3) Generate v8 artifacts (alpha, ps, pm)

# Dry run first
fedops-dataset create-v8 \
  --dataset hateful_memes \
  --alpha 0.1 \
  --sample-missing-rate 0.2 \
  --modality-missing-rate 0.8 \
  --repo-root /path/to/fed-multimodal \
  --data-root /path/to/fed_multimodal/data \
  --hateful-memes-root /path/to/fed_multimodal/data/hateful_memes \
  --dry-run

# Real run
fedops-dataset create-v8 \
  --dataset hateful_memes \
  --alpha 0.1 \
  --sample-missing-rate 0.2 \
  --modality-missing-rate 0.8 \
  --repo-root /path/to/fed-multimodal \
  --data-root /path/to/fed_multimodal/data \
  --hateful-memes-root /path/to/fed_multimodal/data/hateful_memes

Python API (Runtime-Driven)

Direct local usage

from fedops_dataset import FedOpsLocalDataset

ds = FedOpsLocalDataset(
    dataset="hateful_memes",
    alpha=0.1,
    sample_missing_rate=0.2,   # ps
    modality_missing_rate=0.8, # pm
    repo_root="/path/to/fed-multimodal",
    data_root="/path/to/fed_multimodal/data",
    hateful_memes_root="/path/to/fed_multimodal/data/hateful_memes",
)

ds.prepare(dry_run=False)
partition = ds.load_partition()
simulation = ds.load_simulation()
client0_records = ds.client_records(0, use_simulation=True)
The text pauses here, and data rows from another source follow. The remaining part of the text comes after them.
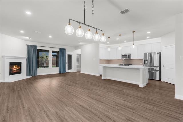 Charming 3-bed, 2-bath home for lease in the sought-after Light Farms Sweetwater community, zoned to top-rated Prosper ISD. Enjoy an open-concept layout with hardwood-style floors, a spacious kitchen with stainless appliances, and a cozy gas fireplace. The primary suite features a large walk-in closet and spa-like bath. HOA covers front yard mowing, while the backyard boasts elegant, low-maintenance synthetic turf. Community amenities include pools, fitness center, trails, parks, and more. Easy access to DNT, dining, and shopping!
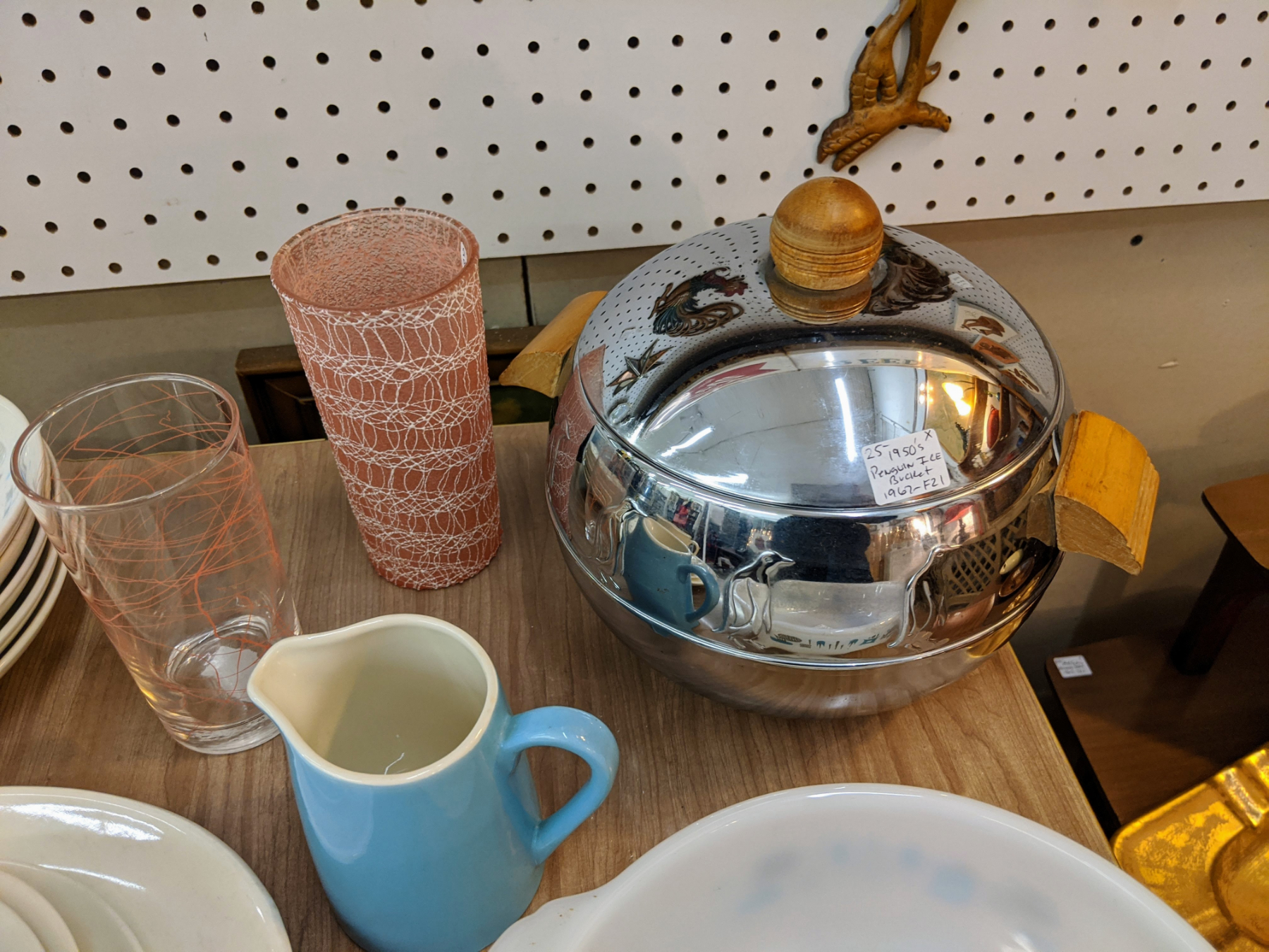 Talk about flashbacks โ I spot a familar Barbie case from my childhood, circa 1965. There’s a dome-shaped metal ice bucket embossed with penguins, an exact replica of one my parents owned, sitting on a table next to a glass with swirly vinyl that looks just like one from my 1970s kitchen. It’s easy to get lost in the nostalgia – from Golden Books and McCall’s dress patterns to rotary telephones, old radios, costume jewelry and abandoned old photographs.
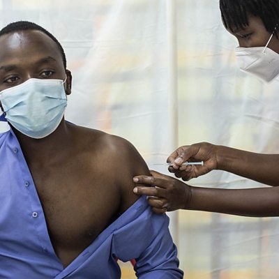 Calls are rising for a waiver of patent protections on Covid-19 vaccines - but would it do anything to accelerate their rollout in the developing world? Manuela Saragosa speaks to an advocate of the "People's Vaccine" campaign, which aims to end the control of the major pharmaceutical companies. Els Torreele of University College London says much of the research and development of these vaccines was publicly funded anyway, and the need to negotiate patent agreements prevents other companies from rapidly scaling up vaccine production. The need to speed up the rollout is testified to by the South African professor of vaccinology Shabir Madhi, who points out that his own country has yet to begin immunising the general public. But Thomas Cueni of the global pharmaceutical industry body, the IFPMA, says they are already on course to vaccinate the world within a year. Producer: Laurence Knight (Picture: A man is vaccinated at a hospital in Nairobi, Kenya; Credit: Robert Bonet/NurPhoto via Getty Images)
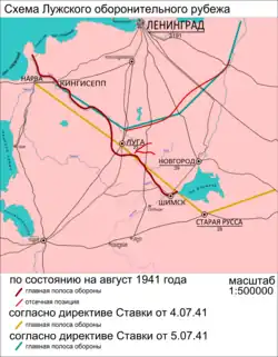 Als sich ein deutscher Durchbruch südlich des Peipus-Sees abzeichnete, wurden die Truppen der neuen Verteidigungslinie am 6. Juli zur Operationsgruppe Luga unter Pjadyschews Befehl zusammengefasst. Diese umfasste sechs Schützendivisionen, drei Miliz-Divisionen und eine Gebirgsschützen-Brigade, welche bis zum 9. Juli in Stellung gingen.[4] Mit diesen Truppen sollte Pjadyschew eine etwa 300 km lange Linie halten, die erst seit dem 29. Juni hektisch ausgebaut worden war. „K.P. Pjadyschew, ein glänzender, sehr kritisch eingestellter Offizier, der über reiche militärische Erfahrungen verfügte und sich kaum Illusionen machte. Wie jedermann wusste auch er, dass Leningrad keine ausgebildeten Truppen mehr stellen konnte, die man in die entstandene Lücke hätte werfen können.“[5] Es gelang ihm eine halbwegs tragfähige Verteidigung aufzubauen und vom 14. bis zum 18. Juli 1941 waren seine Verbände an einer ersten Gegenoffensive im Raum Solzy beteiligt (→ Schlacht bei Solzy). Trotz einiger Anfangserfolge erlitt die Rote Armee hier letztlich eine verlustreiche Niederlage.[6]
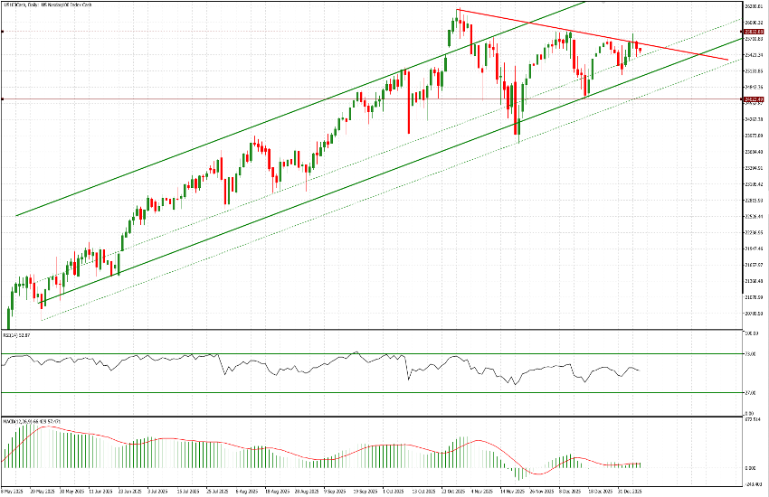 As a result, the Nasdaq (US100) is underperforming both the S&P 500 (US500) and the Dow Jones (US30), struggling to establish a clear directional trend and continuing to trade sideways at elevated levels, within a range between 25,000 and 26,000.
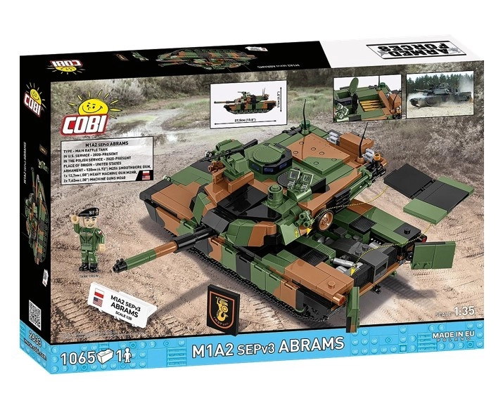 Model poteší zberateľov aj staviteľov: vo vnútri nájdete otváracie poklopy a zadné servisné sekcie, dve pohyblivé zbrane (M2 Browning a M240) a precízne potlače taktických a historických znakov – bez samolepiek. Súčasťou je minifigúrka poľského tankistu s charakteristickou výstrojou a dvojica tabuliek s názvom, mierkou a vlajkami.
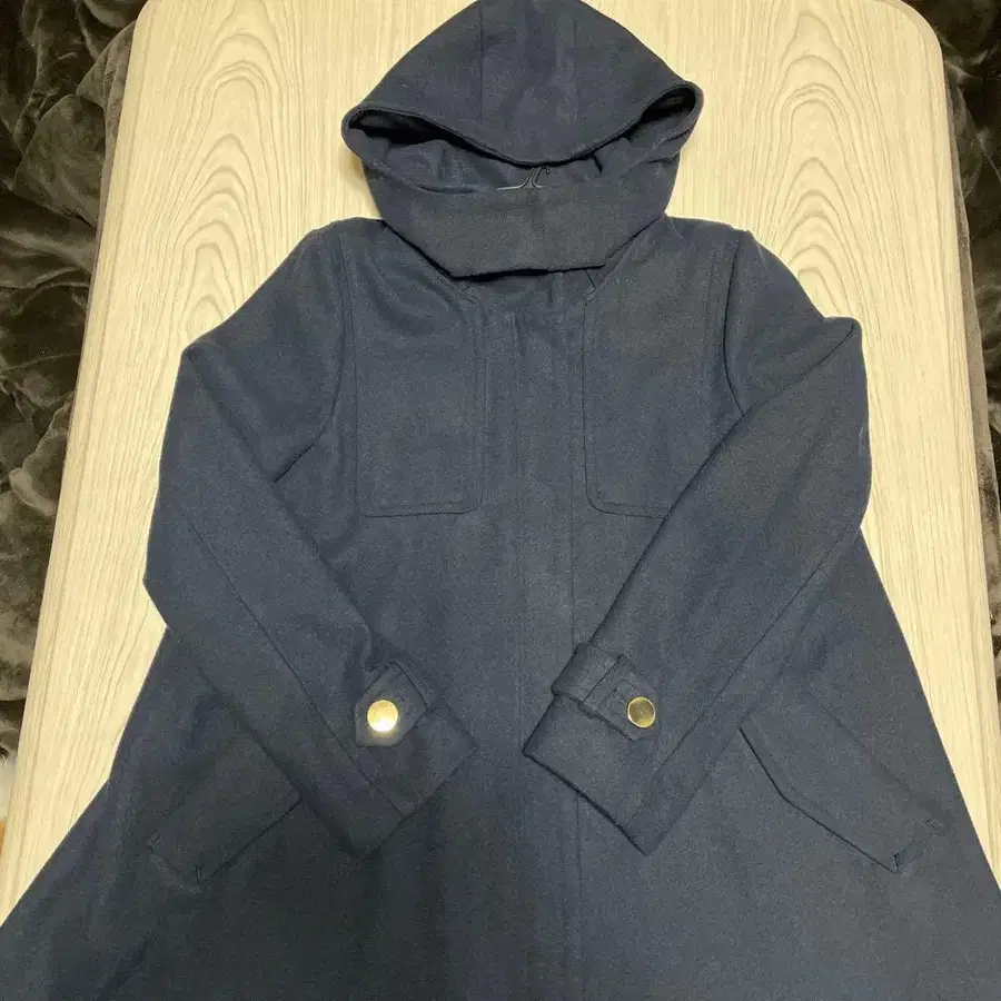 스콧 클럽 후드 부착 네이비 컬러 A라인 코트
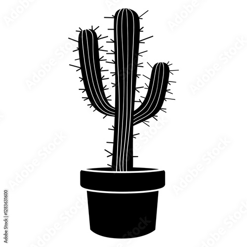 black-and-white, desert plant, illustration, potted plants, transparent, monochrome, silhouette, isolated, minimal, cactus, desert, potted, simple, vector, black, flats, plant, white, icon
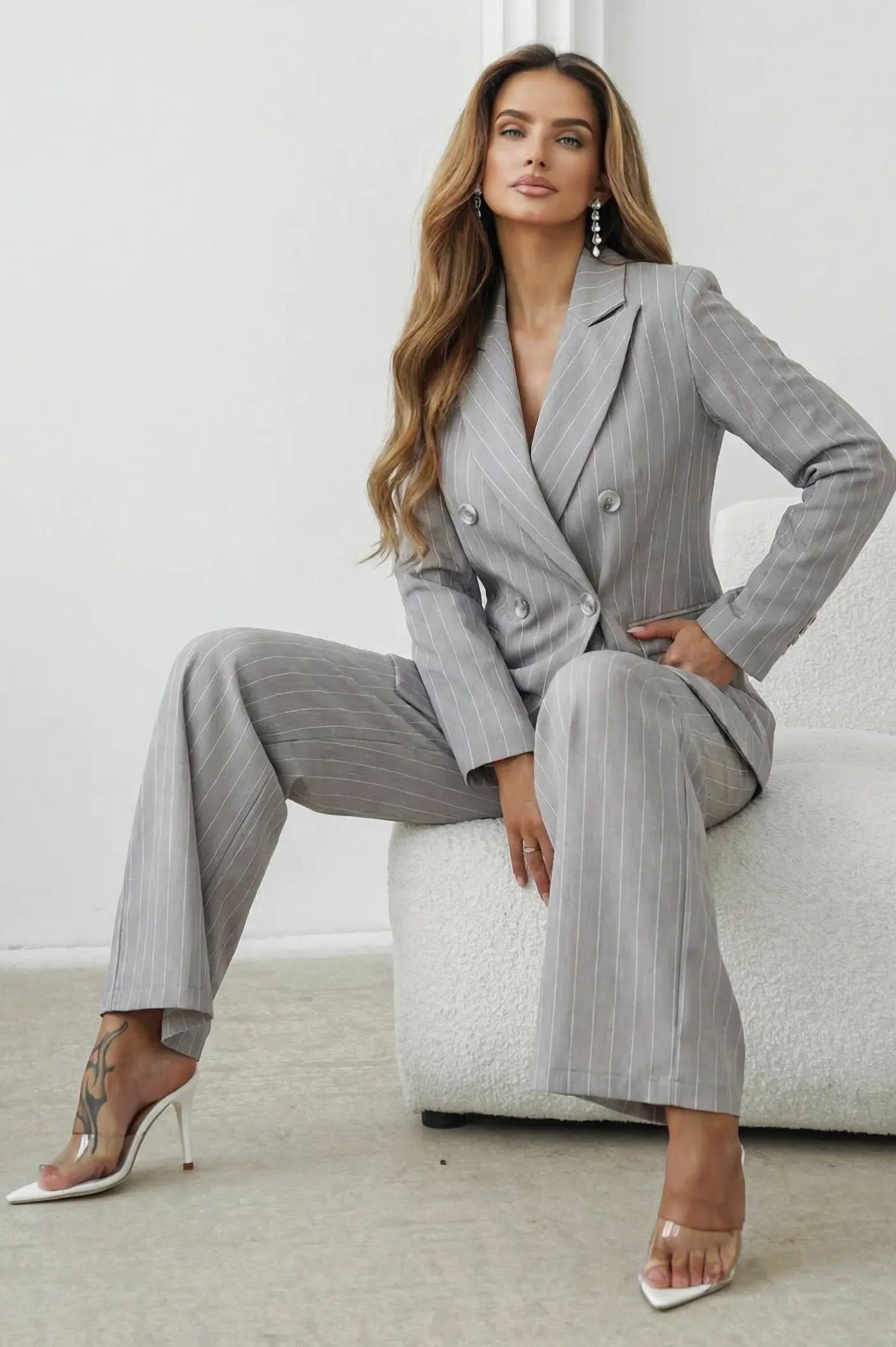 Εντυπωσιάστε σε κάθε σας εμφάνιση με το γυναικείο ριγέ κοστούμι. Σχεδιασμένο για να προσφέρει δυναμισμό και θηλυκότητα, αυτό το σετ αποτελεί την ιδανική επιλογή για το γραφείο, επαγγελματικές συναντήσεις ή επίσημες κοινωνικές εκδηλώσεις. Διαθέτει διαχρονικό σταυρωτό κλείσιμο με κουμπιά που σμιλεύει τη μέση, κλασικό πέτο και λειτουργικές τσέπες με καπάκι. Σε κομψή γραμμή καμπάνα που επιμηκύνει τη σιλουέτα, προσφέροντας μια αίσθηση ύψους και αέρινης κίνησης. Διακριτική κάθετη ρίγα που προσδίδει κύρος και μια νότα "power dressing".

Flower-style runtime config usage

from fedops_dataset import FedOpsLocalDataset

run_config = {
    "repo-root": "/path/to/fed-multimodal",
    "data-root": "/path/to/fed_multimodal/data",
    "hateful-memes-root": "/path/to/fed_multimodal/data/hateful_memes",
}

# Simulation mode example (Flower simulation engine)
node_config = {"partition-id": 0, "num-partitions": 10}

ds = FedOpsLocalDataset.from_runtime_config(
    dataset="crema_d",
    alpha=0.1,
    sample_missing_rate=0.2,
    modality_missing_rate=0.2,
    run_config=run_config,
    node_config=node_config,
)

mode = ds.node_mode(node_config)  # "simulation"
records = ds.client_records_from_node_config(node_config, use_simulation=True)

Path Semantics

  • Simulation mode:
    • detected when node_config has partition-id and num-partitions
    • client records can be resolved from partition-id
  • Deployment mode:
    • if node_config has data-path, it is used as runtime data root
    • each node can point to its own local data path
  • No hardcoded path is required:
    • pass run_config/node_config, CLI args, or env vars

Environment Variables

export FEDOPS_REPO_ROOT=/path/to/fed-multimodal
export FEDOPS_OUTPUT_DIR=/path/to/fed-multimodal/fed_multimodal/output
export FEDOPS_DATA_ROOT=/path/to/fed_multimodal/data
export HATEFUL_MEMES_ROOT=/path/to/fed_multimodal/data/hateful_memes

Optional HF Artifact Client

FedOpsDatasetClient remains available if you also host artifacts in a Hugging Face dataset repo. It is optional for local/original-data mode.

Maintainer Release

cd fedops_dataset
export TWINE_USERNAME=__token__
export TWINE_PASSWORD=<pypi-token>
./scripts/publish_pypi.sh

Project details


Download files

Download the file for your platform. If you're not sure which to choose, learn more about installing packages.

Source Distribution

fedops_dataset-0.3.3.tar.gz (25.9 kB view details)

Uploaded Source

Built Distribution

If you're not sure about the file name format, learn more about wheel file names.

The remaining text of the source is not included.